Kiela has always had trouble dealing with people, and as librarian at the Great Library of Alyssium, she hasn’t had to. She and her assistant, Caz, a sentient spider plant, have spent most of the last eleven years sequestered among the empire’s precious spellbooks, protecting the magic for the city’s elite. But a revolution is brewing and when the library goes up in flames, Kiela and Caz steal whatever books they can and flee to the faraway island where she grew up. But to her dismay, in addition to a nosy – and very handsome – neighbour, she finds the town in disarray. The empire has slowly been draining power from the island, and now Kiela is determined to make things right. But opening up her own spellshop comes with its own risks – the consequence of sharing magic with commoners is death. And as Kiela starts to make a place for herself among the townspeople, she realizes she must break down the walls she has kept so high…

From award-winning author Sarah Beth Durst, The Spellshop is a cosy fantasy following a woman’s unexpected journey through the low-stakes market of illegal spell-selling and the high-risk business of starting over.

The Door

Magda Szabó     Recommended by Brock, Joe, & Luka    

Joe, Brock, & Luka all thoroughly enjoyed this strange and brilliant Hungarian novel.

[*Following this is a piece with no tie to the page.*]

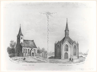 Litho van twee hervormde kerkgebouwen te Alblasserdam. …

Originally published in 1987, it was not translated into English until 1995.

The Door is a tense domestic portrait of the relationship between a Hungarian writer and her housekeeper. “While it’s not strictly a thriller, I was on the edge of my seat the whole time,” says Luka. The narrative blossoms from the larger-than-life personality of Emerence, the steadfast and mysterious housekeeper. Emerence’s relationship to the protagonist is an emotional rollercoaster – devoted, dutiful, suspicious, utterly bizarre. At the centre of the mystery is the door to Emerence’s flat: closed to all, behind which her most potent secrets lay. As their relationship deepens, the writer is driven almost to total undoing by their growing dependence on one another. It all begins with the writer’s dark confession: that she has killed Emerence.